Of course, it is extraordinarily unlikely that the Melbourne crowds will chant Djokovic’s name, whether he wins or loses, after all the controversy surrounding his attempt to compete at the Australian Open while remaining unvaccinated. At the time of writing, his visa to enter Australia had been cancelled for a second time by the Australian Immigration Minister, Alex Hawke, and even if he wins a second appeal and is eventually allowed to play, it will take all of his legendary resilience and “rubberiness” to bounce back from such an emotionally and physically draining experience. But of course, if anyone can, Djokovic can.
Djokovic will not be alone in trying to make tennis history in Melbourne, because for the first time ever in the history of men’s tennis two players will be trying at the same tournament to set a new record for the number of Singles Majors won. In Federer’s continuing absence, Nadal will have the chance to beat Djokovic to the 21 mark by triumphing in Australia over the next fortnight. He has barely played at all since losing to Djokovic at Roland Garros last summer and in addition to his injury travails he contracted Covid over Christmas, so will arrive on court in Melbourne seriously under-prepared and perhaps even “under-cooked”, as Australian sporting parlance would put it. But of course, if anyone can overcome such enormous obstacles, Rafa can.
Thus the stage might just be set, if Djokovic wins his second appeal against deportation and is allowed to compete in Melbourne, for a truly historic occasion at the 2022 Australian Open.
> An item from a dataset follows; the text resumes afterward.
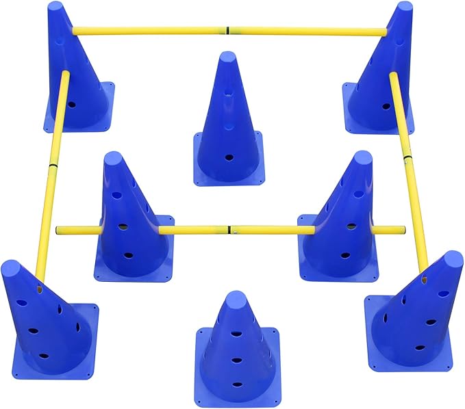 - [Convenient Storage] Each dog training set includes 8 blue practice cones, 4 yellow hurdle poles, and a large storage bag; Yellow poles split into 19.8-inch sections and cones stack to make transportation easier

Because they have been drawn in the same half of the draw, Djokovic and Nadal cannot meet in the final, but if they were to meet in the semifinal it would be an Australian Open semifinal that might just match the epic Australian Open final that the two men played a decade ago, which is arguably the greatest men’s Major final ever. If that happens, and the winner goes on to take the title, history truly will be made in Melbourne.